The Civil Review Petitioner’s argument above is proven by the facts found during the audit process. Based on audit findings, the Civil Review Respondent has a permanent office and management in Indonesia.

Moreover, the activities are carried out not only to support the activities of the head office but also the main activities carried out over the years, such as product promotion. Considering that the Civil Review Respondent is PE, the Government of Indonesia has the right to collect taxes from the Civil Review Respondent.

Based on Import Declaration data and data on the data exchange portal between the DGT and DGCE, it is known that during 2012, X Co, which is domiciled in Japan, performed exports to the Civil Review Respondent located in Indonesia. The Petitioner considered that the export transactions performed by Party X Co to the Civil Review Respondent were subject to final Article 15 Income Tax.

On another note, MoF Decree No. 634/KMK.04/1994 and DGT Decree No. 667/PJ/2001 stipulate that the net income of non-resident taxpayers with representative offices/liaison offices in Indonesia is set at 1% of the gross export value. Based on the Tax Treaty between Indonesia and Japan, the branch profit tax rate is 10%.

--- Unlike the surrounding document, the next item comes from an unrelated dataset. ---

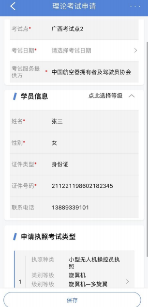 4.点选后,除考试日期外,其他信息均被带入到录入表中,如下图所示:
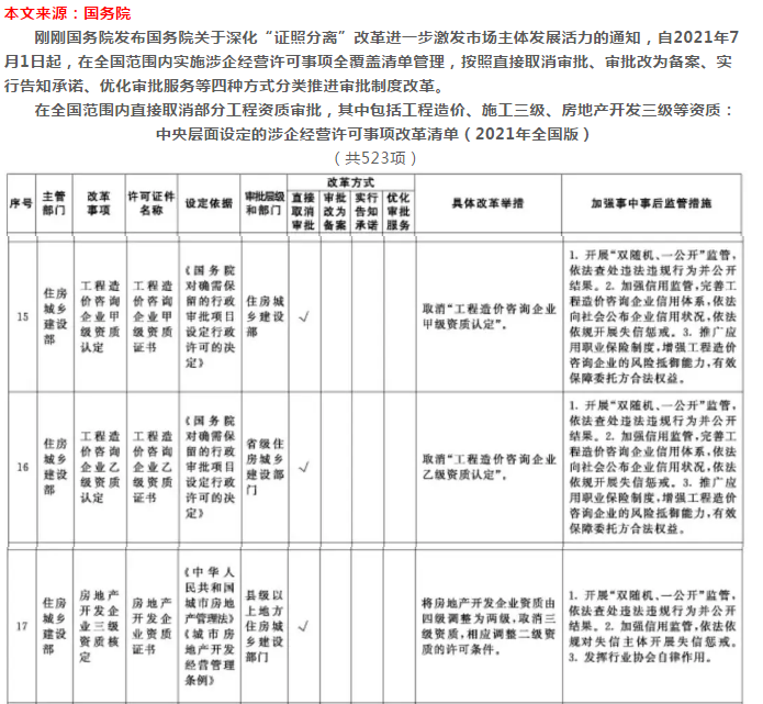 資質大變革!剛剛國務院發文:全國范圍內取消施工三級等資質!!

On the other hand, the Civil Review Respondent stated that its party was not a permanent establishment of X Co. It should be noted that the Respondent is indeed registered as a company with a main business number for marketing research services of the representative status. However, the Respondent does not participate in the management of a company, subsidiary or branch in Indonesia.

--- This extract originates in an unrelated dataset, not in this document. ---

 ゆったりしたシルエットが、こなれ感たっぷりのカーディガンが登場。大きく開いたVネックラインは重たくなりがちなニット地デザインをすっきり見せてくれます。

The Respondent only carries out auxiliary, preparatory and temporary activities. Referring to Article 5 paragraph (4) subparagraph e of the Tax Treaty between Indonesia and Japan, companies that carry out auxiliary and preparatory activities are excluded from the definition of a PE.

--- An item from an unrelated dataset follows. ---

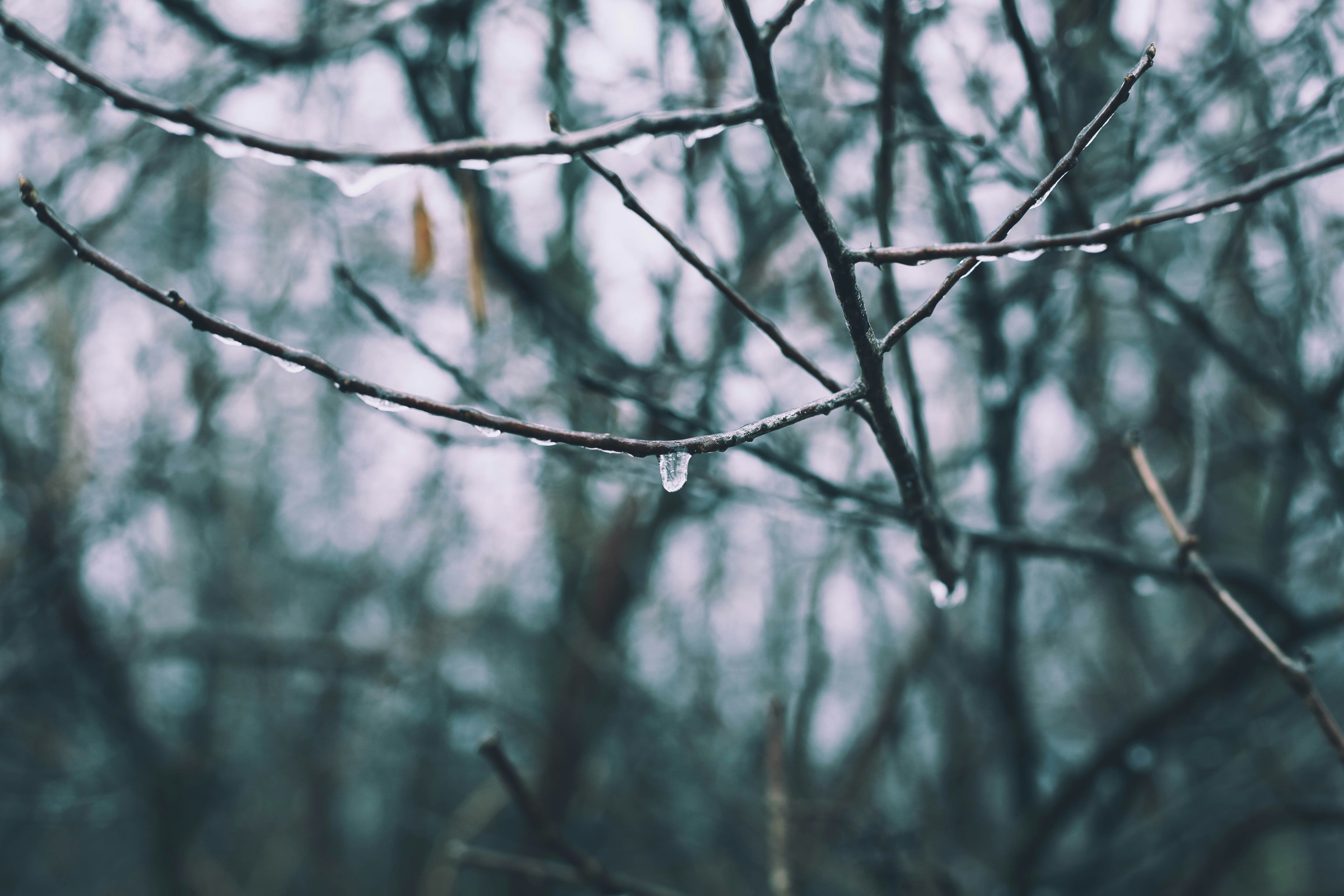 树枝、树、滴、冻、雨、水滴、冷、自然

Supreme Court Considerations

The Supreme Court is of the opinion that the reasons for the Civil Review Petitioner’s application are unjustifiable. The decision of the Tax Court which stated the full granting of the application for an appeal was appropriate and correct. There are two considerations of the Judicial Panel of the Supreme Court as follows.

First, the corrections by the Civil Review Petitioner were only based on the Import Declaration data on Indonesian companies and information exchange data between the DGT and DGCE. The Civil Review Petitioner did not see the facts revealed in the trial.

After verifying and re-assessing the arguments presented at trial, the opinion of the Civil Review Petitioner cannot invalidate the facts and weaken the evidence revealed at the trial as well as the legal considerations of the Judicial Panel of the Tax Court.

Second, the activities performed by the Civil Review Petitioner proved to be only in the form of marketing research and not product promotion. It is not appropriate if the Civil Review Respondent is categorised as a foreign representative office/liaison office constituting an object of final Article 15 Income Tax. Therefore, the final Article 15 Income Tax Base correction of IDR812,351,893,069.00 cannot be sustained.

Based on the above considerations, the Supreme Court considered that the application for Civil Review was groundless and therefore had to be rejected. The Civil Review Petitioner was declared the losing party and sentenced to pay the costs of the case.